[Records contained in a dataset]

++++++++++++++++++++

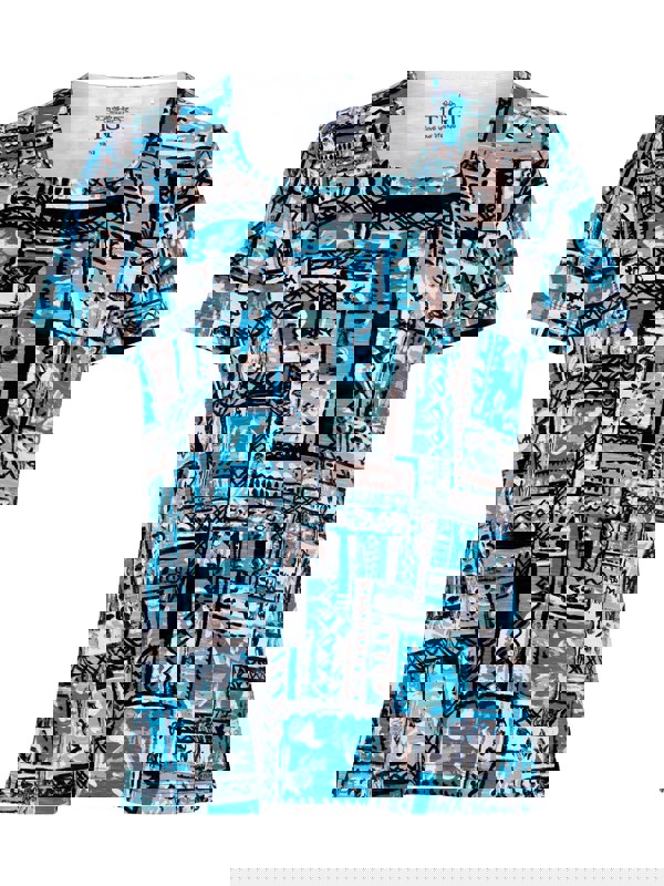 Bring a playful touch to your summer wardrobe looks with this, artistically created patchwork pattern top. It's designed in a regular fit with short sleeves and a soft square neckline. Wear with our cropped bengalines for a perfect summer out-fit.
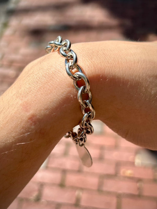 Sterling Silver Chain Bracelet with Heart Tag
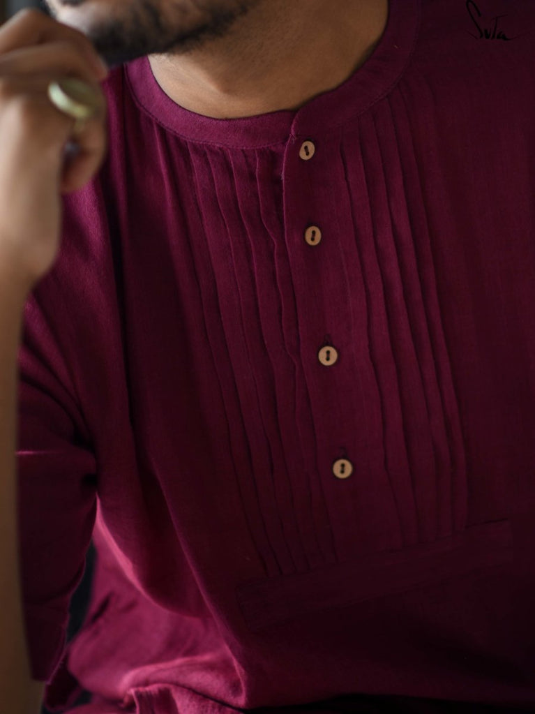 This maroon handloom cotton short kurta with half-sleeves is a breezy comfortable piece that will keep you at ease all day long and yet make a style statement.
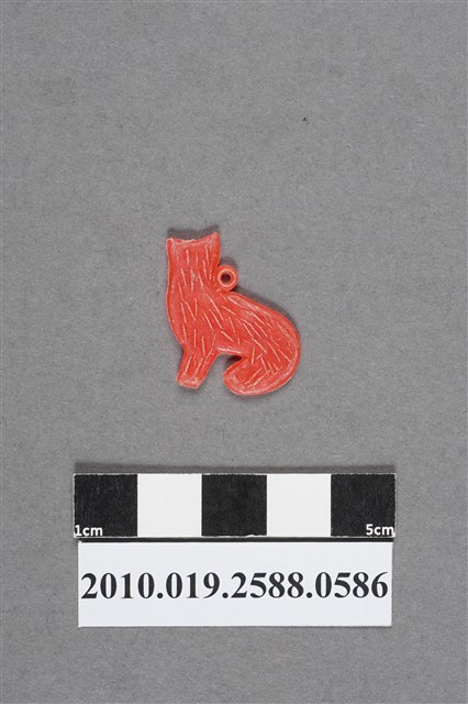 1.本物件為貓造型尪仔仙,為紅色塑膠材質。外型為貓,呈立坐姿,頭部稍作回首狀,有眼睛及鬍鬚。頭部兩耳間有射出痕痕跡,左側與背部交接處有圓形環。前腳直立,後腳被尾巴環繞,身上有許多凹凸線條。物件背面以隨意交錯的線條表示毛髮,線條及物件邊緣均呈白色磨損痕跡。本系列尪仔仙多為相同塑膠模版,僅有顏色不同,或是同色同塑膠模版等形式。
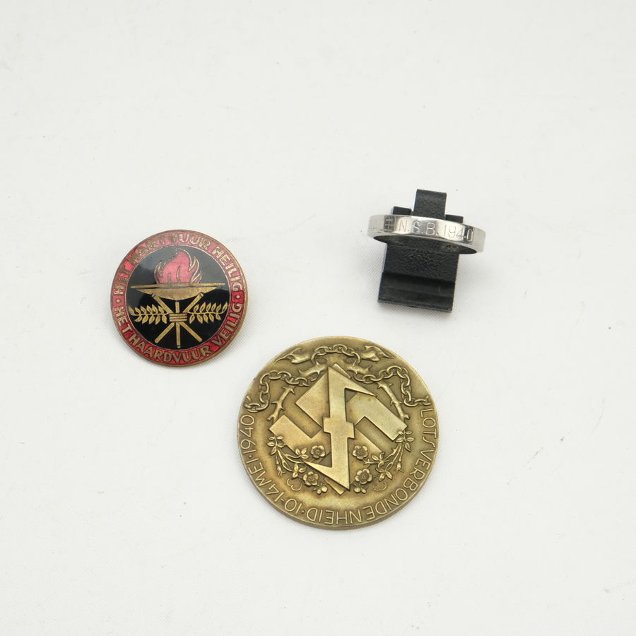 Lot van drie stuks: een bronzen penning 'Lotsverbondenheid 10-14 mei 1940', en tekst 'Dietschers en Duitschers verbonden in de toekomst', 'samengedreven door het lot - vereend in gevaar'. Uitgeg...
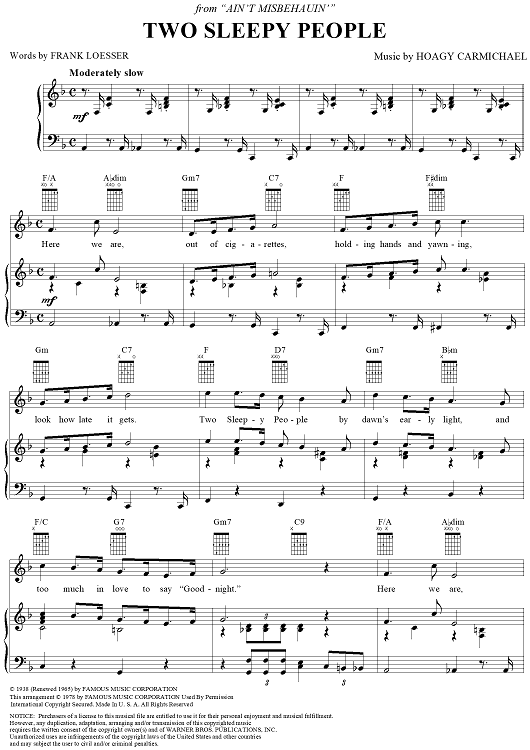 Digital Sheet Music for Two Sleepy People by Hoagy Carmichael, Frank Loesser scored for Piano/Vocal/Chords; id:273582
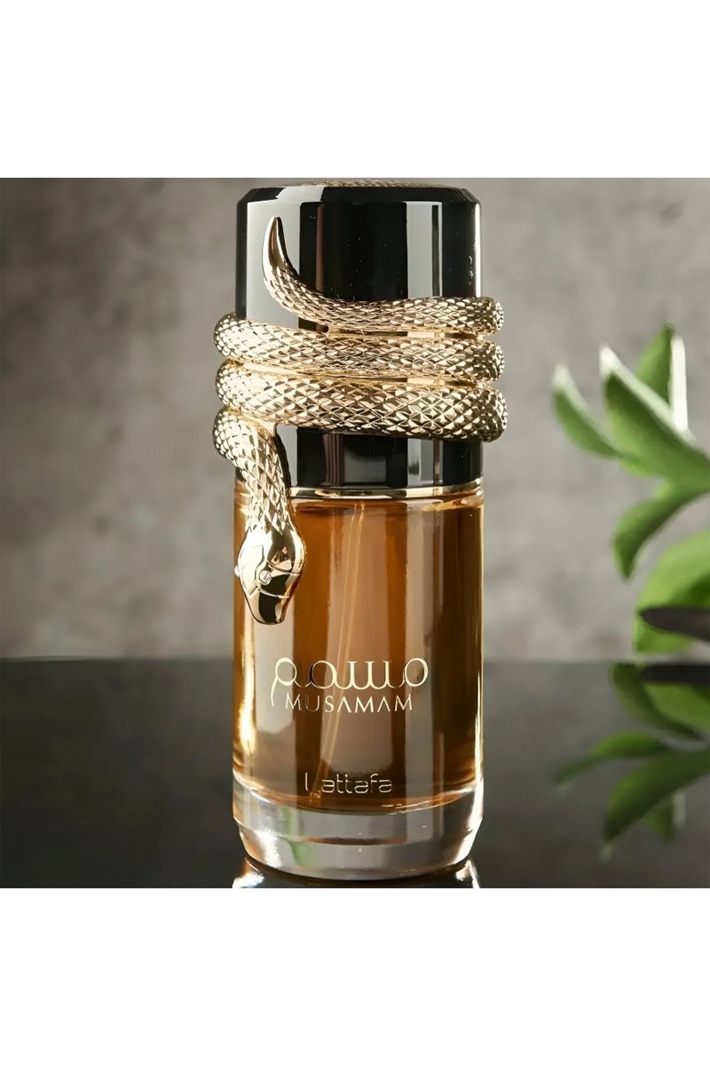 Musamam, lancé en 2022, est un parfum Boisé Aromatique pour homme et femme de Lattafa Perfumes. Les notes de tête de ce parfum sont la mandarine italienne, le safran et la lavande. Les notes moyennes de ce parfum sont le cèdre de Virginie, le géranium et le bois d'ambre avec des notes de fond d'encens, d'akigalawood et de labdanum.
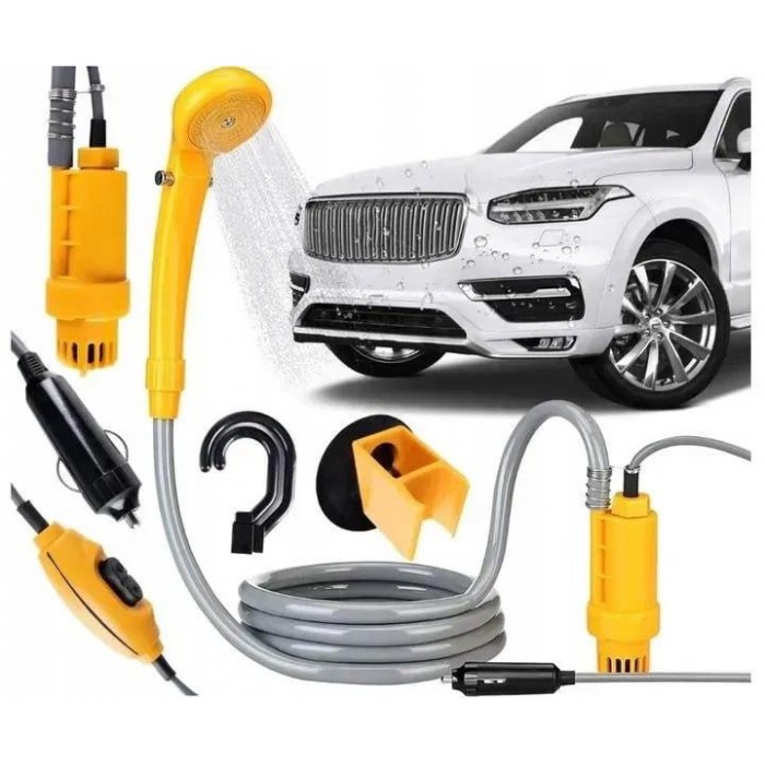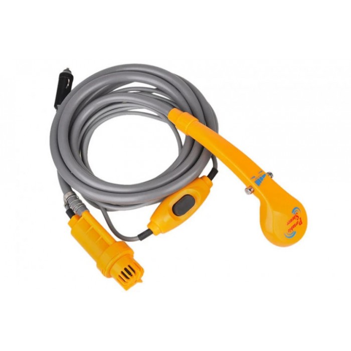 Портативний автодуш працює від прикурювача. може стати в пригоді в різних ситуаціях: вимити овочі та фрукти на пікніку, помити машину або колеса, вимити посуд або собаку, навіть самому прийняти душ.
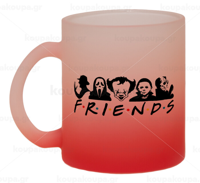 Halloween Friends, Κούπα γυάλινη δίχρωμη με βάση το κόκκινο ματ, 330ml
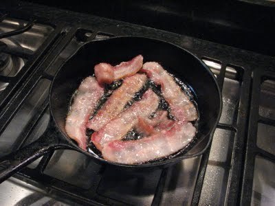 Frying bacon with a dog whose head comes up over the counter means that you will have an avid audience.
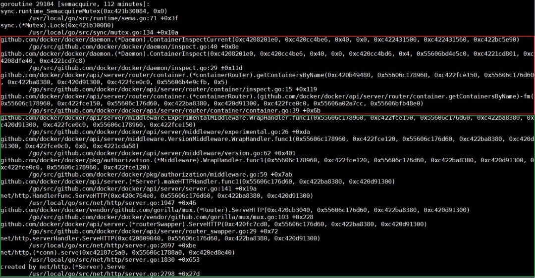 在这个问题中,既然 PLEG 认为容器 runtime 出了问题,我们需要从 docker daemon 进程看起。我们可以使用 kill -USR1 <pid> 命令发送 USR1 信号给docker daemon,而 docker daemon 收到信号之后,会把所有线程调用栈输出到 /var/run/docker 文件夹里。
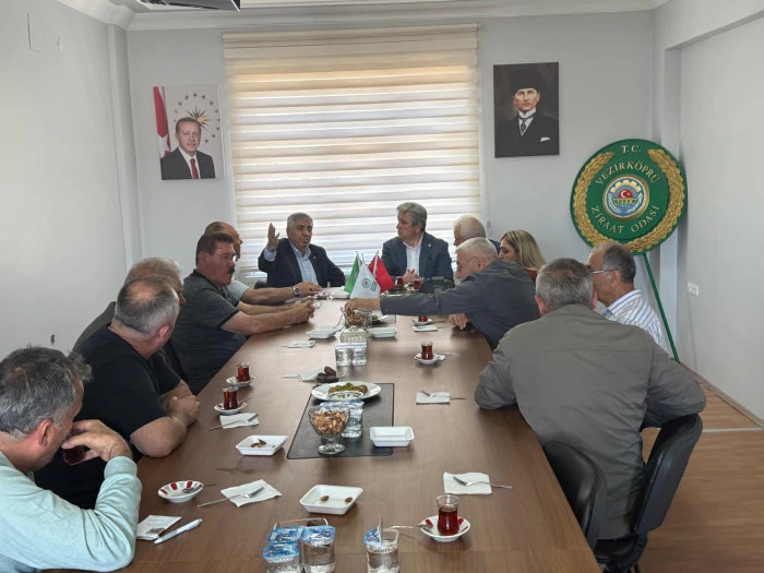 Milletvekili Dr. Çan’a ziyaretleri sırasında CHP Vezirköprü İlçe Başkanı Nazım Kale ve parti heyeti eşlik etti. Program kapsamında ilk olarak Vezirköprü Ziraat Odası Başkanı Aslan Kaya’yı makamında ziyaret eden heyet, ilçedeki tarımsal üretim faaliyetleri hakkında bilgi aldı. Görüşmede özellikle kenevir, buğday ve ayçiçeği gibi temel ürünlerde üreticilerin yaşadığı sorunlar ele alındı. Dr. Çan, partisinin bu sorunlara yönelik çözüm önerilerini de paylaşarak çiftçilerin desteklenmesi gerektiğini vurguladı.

++++++++++++++++++++

THE PROBLEM
Give every line above again exactly, omitting whatever pictures appear.

PROBLEM SOLUTION
 Bring a playful touch to your summer wardrobe looks with this, artistically created patchwork pattern top. It's designed in a regular fit with short sleeves and a soft square neckline. Wear with our cropped bengalines for a perfect summer out-fit.
 Sterling Silver Chain Bracelet with Heart Tag
 This maroon handloom cotton short kurta with half-sleeves is a breezy comfortable piece that will keep you at ease all day long and yet make a style statement.
 1.本物件為貓造型尪仔仙,為紅色塑膠材質。外型為貓,呈立坐姿,頭部稍作回首狀,有眼睛及鬍鬚。頭部兩耳間有射出痕痕跡,左側與背部交接處有圓形環。前腳直立,後腳被尾巴環繞,身上有許多凹凸線條。物件背面以隨意交錯的線條表示毛髮,線條及物件邊緣均呈白色磨損痕跡。本系列尪仔仙多為相同塑膠模版,僅有顏色不同,或是同色同塑膠模版等形式。
 Lot van drie stuks: een bronzen penning 'Lotsverbondenheid 10-14 mei 1940', en tekst 'Dietschers en Duitschers verbonden in de toekomst', 'samengedreven door het lot - vereend in gevaar'. Uitgeg...
 Digital Sheet Music for Two Sleepy People by Hoagy Carmichael, Frank Loesser scored for Piano/Vocal/Chords; id:273582
 Musamam, lancé en 2022, est un parfum Boisé Aromatique pour homme et femme de Lattafa Perfumes. Les notes de tête de ce parfum sont la mandarine italienne, le safran et la lavande. Les notes moyennes de ce parfum sont le cèdre de Virginie, le géranium et le bois d'ambre avec des notes de fond d'encens, d'akigalawood et de labdanum.
 Портативний автодуш працює від прикурювача. може стати в пригоді в різних ситуаціях: вимити овочі та фрукти на пікніку, помити машину або колеса, вимити посуд або собаку, навіть самому прийняти душ.
 Halloween Friends, Κούπα γυάλινη δίχρωμη με βάση το κόκκινο ματ, 330ml
 Frying bacon with a dog whose head comes up over the counter means that you will have an avid audience.
 在这个问题中,既然 PLEG 认为容器 runtime 出了问题,我们需要从 docker daemon 进程看起。我们可以使用 kill -USR1 <pid> 命令发送 USR1 信号给docker daemon,而 docker daemon 收到信号之后,会把所有线程调用栈输出到 /var/run/docker 文件夹里。
 Milletvekili Dr. Çan’a ziyaretleri sırasında CHP Vezirköprü İlçe Başkanı Nazım Kale ve parti heyeti eşlik etti. Program kapsamında ilk olarak Vezirköprü Ziraat Odası Başkanı Aslan Kaya’yı makamında ziyaret eden heyet, ilçedeki tarımsal üretim faaliyetleri hakkında bilgi aldı. Görüşmede özellikle kenevir, buğday ve ayçiçeği gibi temel ürünlerde üreticilerin yaşadığı sorunlar ele alındı. Dr. Çan, partisinin bu sorunlara yönelik çözüm önerilerini de paylaşarak çiftçilerin desteklenmesi gerektiğini vurguladı.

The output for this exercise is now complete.